There is increasing research suggesting that many of these supposed “cyber deals” reflect inflated earlier prices.  Above and beyond this, in the case of mass market confectionery and big chocolate, these “deals” aren’t good for you, nor are they good for the cocoa farmers nor the planet.  Mass market confectionery, where the primary ingredient is sugar, is NOT good for your teeth, waistline, gut, liver or overall health (and yes, this includes the vast majority of Tony’s Chocolonely Bars and all too many dark chocolate bars like Bournville). Plus as a rainforest crop, cocoa requires an ENORMOUS amount of water to grow (1,500 litres for the average dark bar .. so twice as much as 50g of almonds). This is fine for craft chocolate beans which are grown in the rainforest and the water is recirculated. But for mass market chocolate, grown in areas which have been deforested, this causes desertification. Finally, because of the lopsided nature of the industry, it’s small holder farmers low wages that has enabled mass market chocolate to remain so “cheap” (and so discountable). The average cocoa farmer in West Africa needs $2.50 plus per day to feed their family. But for most of the 2010s and 2020s they’ve received less than $0.80c per day for their backbreaking labour. Cheap mass produced chocolate, even with a fantastic black friday deal and low priced, really is NOT good value for any of us.

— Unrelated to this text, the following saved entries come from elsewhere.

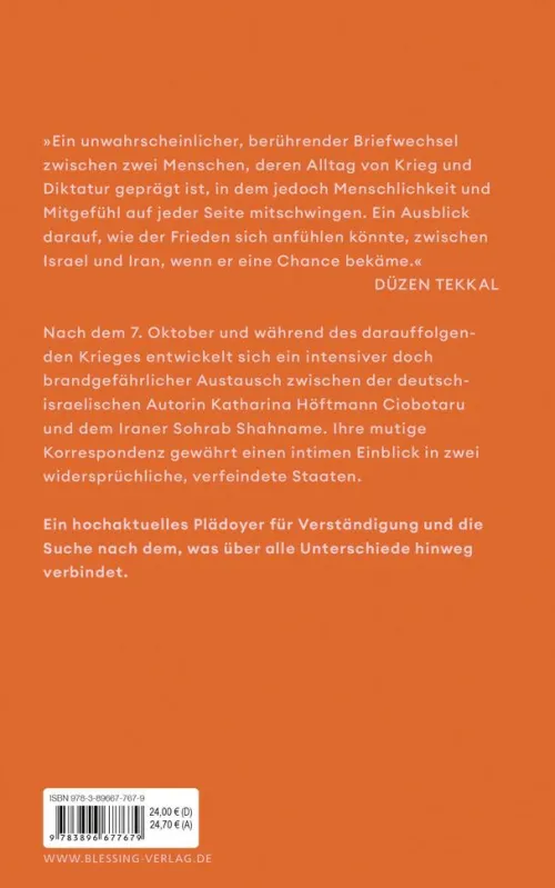 Nach dem Angriff der Hamas am 7. Oktober 2023 wird Sohrab Shahname für die deutsch-israelische Autorin Katharina Höftmann Ciobotaru zum Vertrauten. Und das obwohl der Iran, ein Land, in dem etwa 200. 000 Israelis ihre Wurzeln haben, seit der islamischen Revolution der größte Feind des jüdischen Staates ist. Ihre mutige Korrespondenz ist mal hochpolitisch, mal sehr intim-und immer berührend.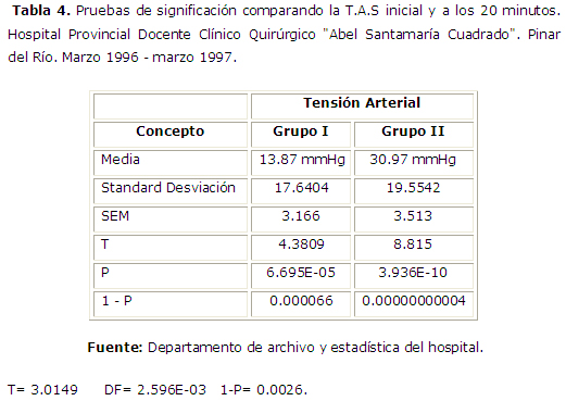 Al aplicar el Test de Student (tabla 4) a las variaciones de la TAS, se observo que en el grupo II, la disminución fue significativa (p=2.596E-03) en relación a las pacientes del grupo I, sin reportar ninguna complicación por este efecto.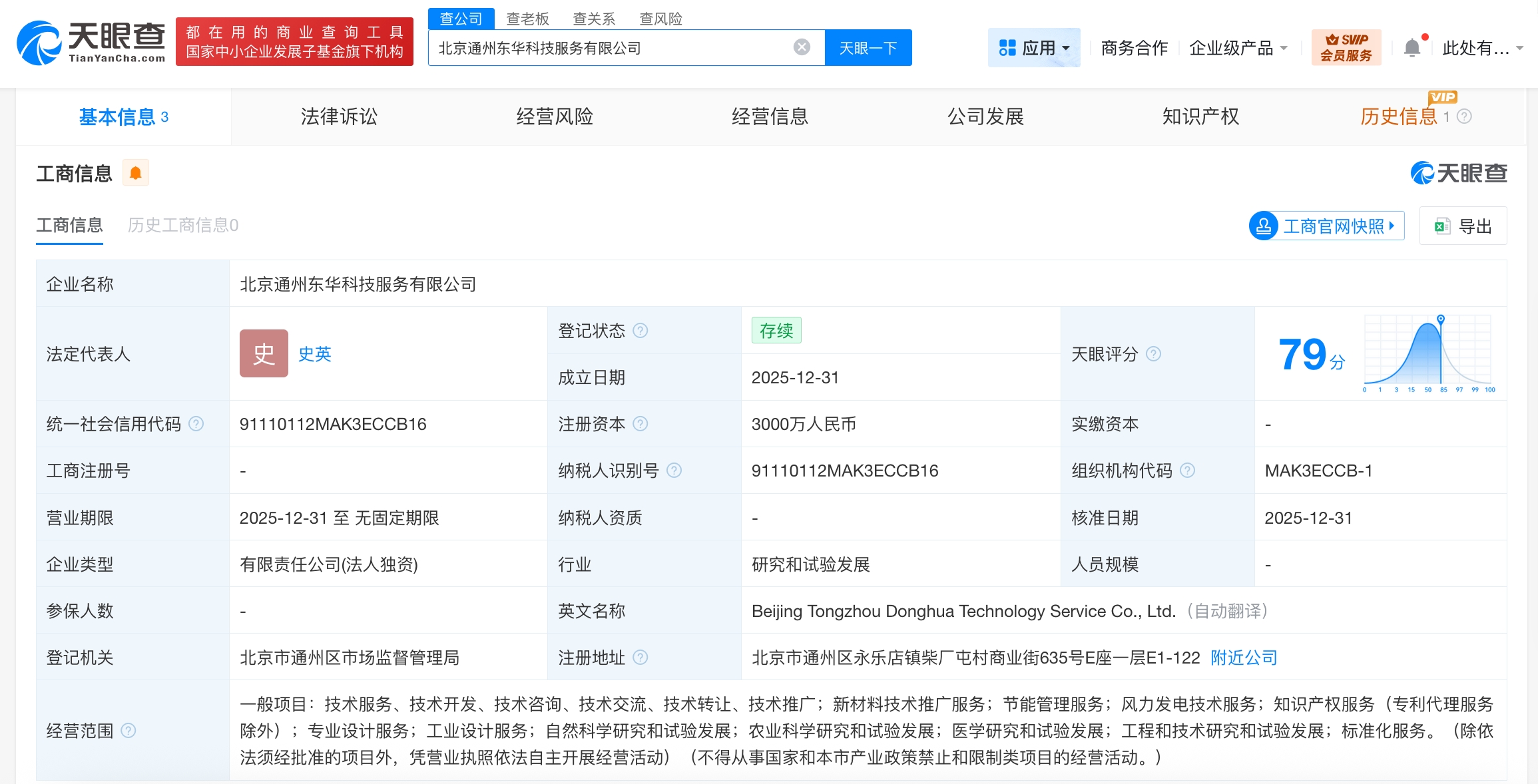 每經AI快訊,天眼查App顯示,近日,北京通州東華科技服務有限公司成立,法定代表人為史英,注冊資本3000萬元人民幣,經營范圍含新材料技術推廣服務、節(jié)能管理服務、風力發(fā)電技術服務、知識產權服務、專業(yè)設計服務、工業(yè)設計服務、自然科學研究和試驗發(fā)展、農業(yè)科學研究和試驗發(fā)展、工程和技術研究和試驗發(fā)展等。股東信息顯示,該公司由東華軟件(002065)全資持股。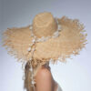 - Versierd met een hoedenband die bestaat uit ivoorkleurige kanten bloemen, ivoorkleurige stoffen bloemetjes met een ivoorkleurig pareltje en champagnekleurige blaadjes.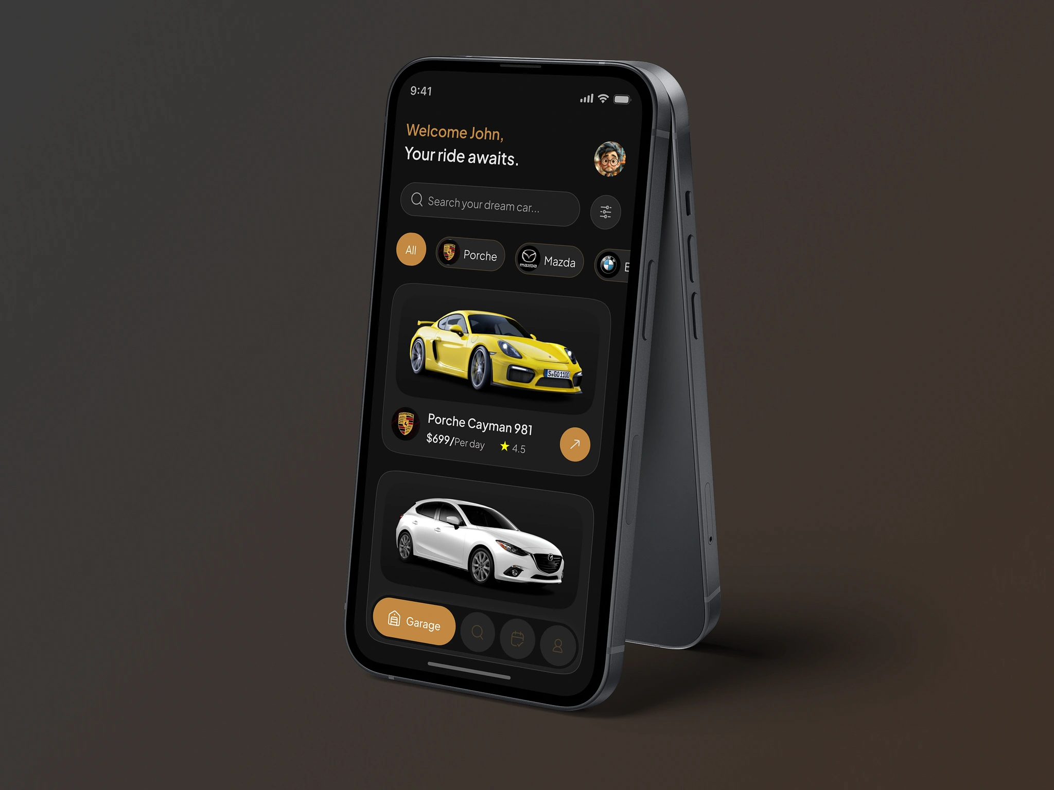 Discover the seamless experience of luxury car rental with this dark-themed mobile UI. This design combines sophistication and power, featuring high-end performance cars like the Porsche Cayman 981. The interface focuses on user comfort, effortless booking, and premium aesthetics.

The good news is that over the last eighteen months, the price of cocoa has been increasing on the international exchange. Commodity cocoa prices rose from around $2.5k per tonne (where they’d been for the last few decades) to over $10k earlier this year, before falling back to $6.7k today – although be warned, depending on the final harvest, elections in Ghana, more global supply “shocks”, etc. they may rise further.  And the “farmgate” price paid to cocoa farmers has also risen – but not by nearly as much (Ghana raised their fixed farm gate price by nearly 45% to 48,000 cedis, or just under $3,000, per metric ton for the 2024/25 season, which opened in September and the Ivory Coast increased their farm gate price by 20% to 1,800 CFA francs ($3.06) per kilogram for the harvest that starts on Oct. 1.)

Sources: ICCO, ICE, CCC, AfDB, FAO, OANDA, ICE

And yes, this really does mean that the cocoa farmers, and their families, aren’t seeing the rise in prices coming back to them!

Even though Craft Chocolate makers have traditionally paid far higher prices, with guaranteed long term commitments, of $5.5k to $15k per tonne, they have also had to absorb higher prices.  In particular the price of cocoa butter has risen from around $10 per kilo to $34-40 per kilo (so stock up white chocolate when you can!).

This is all a round about way of saying that no, we aren’t going to be holding any “black friday blowouts”.  Indeed, we foresee higher bar prices for Craft Chocolate moving forward.  And we still think that craft chocolate is great value.